Cerebral microbleed complications

Cordonnier et al., reviewed and critically appraised the published literature according to QUADAS, STARD and Cochrane principles. The selection criteria were met by 54 studies of 53 case series involving 9073 participants, 4432 of whom were people with cerebrovascular diseases. There were significant biases in many of the studies: variation in MRI magnet strength, flip angle, slice gap and slice thickness; inconsistent definitions of BMB size (23% did not define size at all, and of those that did 44% chose a diameter of < or =5 mm); only 30% included participants who were representative of the disease under study; and only 53% mentioned that BMB evaluation was blinded to other factors of interest. By pooling data from similar studies, we found that the prevalence of BMBs was 5% [95% confidence interval (CI) 4-6] in healthy adults, 34% (95% CI 31-36) in people with ischaemic stroke, and 60% (95% CI 57-64) in people with non-traumatic Intracerebral hemorrhage (ICH). In the studies where a distinction could be made, BMBs were more prevalent among recurrent strokes than first-ever strokes: they affected 23% (95% CI 18-29) with first-ever ischaemic stroke but 44% (95% CI 34-54) with recurrent ischaemic stroke, and 52% (95% CI 47-56) with first-ever ICH but 83% (95% CI 71-90) with recurrent ICH. By pooling data that could be extracted from similar studies, it appears that BMBs are associated with hypertension (OR 3.9, 95% CI 2.4-6.4) and diabetes mellitus (OR 2.2, 95% CI 1.2-4.2) in otherwise healthy adults, and that they are associated with hypertension (OR 2.3, 95% CI 1.7-3.0) in adults with cerebrovascular diseases. The association with hypertension was robust in sensitivity analyses. There is a pressing need for better designed studies to assess the diagnostic utility of BMBs, disentangle the many likely influences on their occurrence, and determine their prognostic utility and whether they should influence treatment. They conclude by proposing criteria for ideal study design and reporting ²⁾.
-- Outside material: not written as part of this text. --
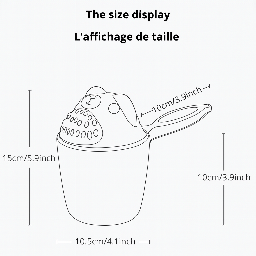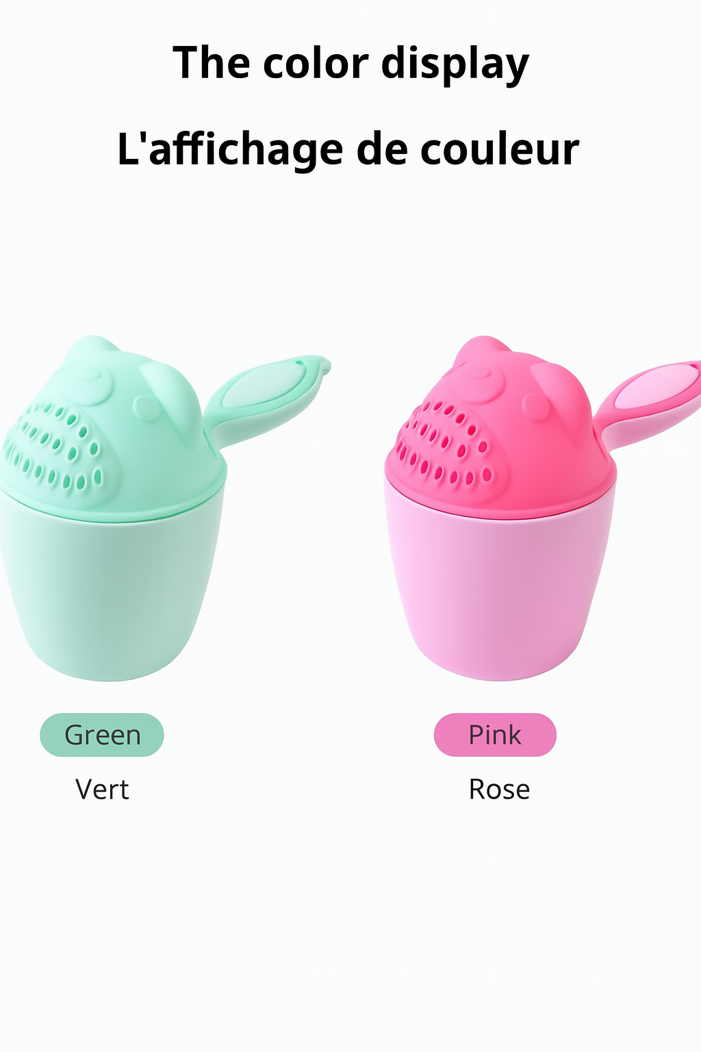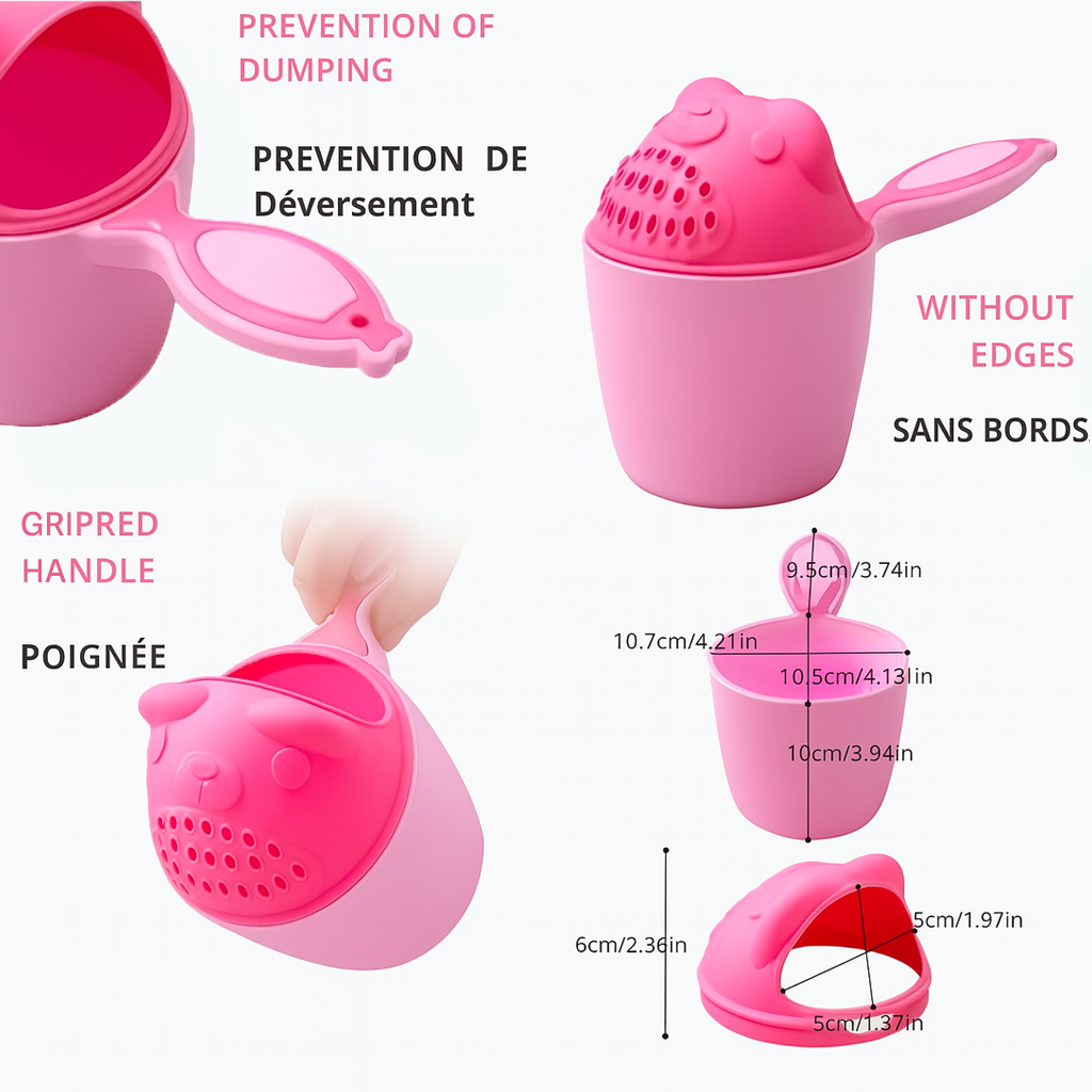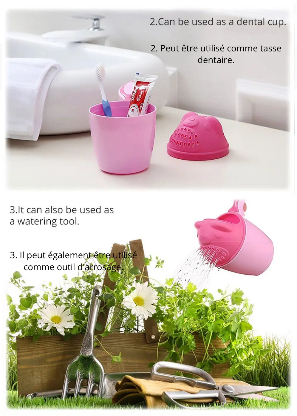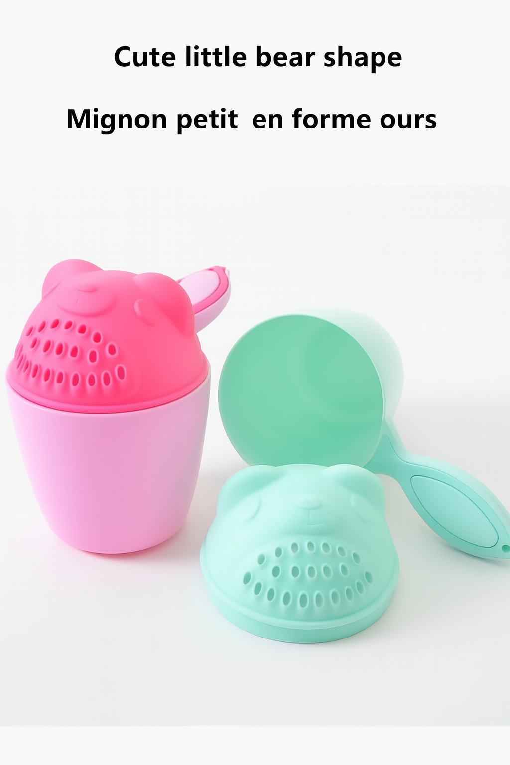 Découvrez notre adorable tasse de rinçage en forme d'ours ! Cette tasse multifonctionnelle n'est pas seulement parfaite pour rincer les cheveux de votre enfant avec du shampooing, mais elle est également idéale pour se rincer les yeux et le corps pendant le bain. Sa forme ludique d'ours rend l'heure du bain plus amusante pour votre enfant, tout en facilitant le rinçage.

A total of 1847 patients with unruptured and ruptured intracranial aneurysm from January 2010 to November 2017 were included in this cross-sectional study. Their clinical records and images, including the preoperative presence of CMBs identified by T2-weighted gradient-recalled-echo sequence on magnetic resonance imaging (MRI) were evaluated. Univariate analysis and multivariate logistic regression were done to determine which parameters are independent factors for aneurysm rupture. The incubation period of CMBs related intracranial aneurysm rupture was also evaluated.

CMBs confirmed by MRI were present in 142 patients, with 7.7% incidence rate (142/1847). Of the total 142 patients with CMBs, 56 patients (including 17 ruptured anrueysms) received endovascular treatment, and other 86 consecutive patients who did not receive emobilization or surgery due to various reasons were followed for 3-49 months. The incidence of CMBs related intracranial aneurysm rupture was 27.9% (24/86) during the follow-up. The incubation period of CMBs related intracranial aneurysm rupture varies from 3 to 27 months (median month, 9.5 months). Multivariate analyses showed CMBs is significantly correlated with the intracranial aneurysm rupture (OR 1.6, 95%C.I. 1.1 to 2.4, P=0.010).

CMBs is independently associated with the intracranial aneurysm rupture. Patient with CMBs has the increased 60% risk of aneurysm rupture than those without ³⁾.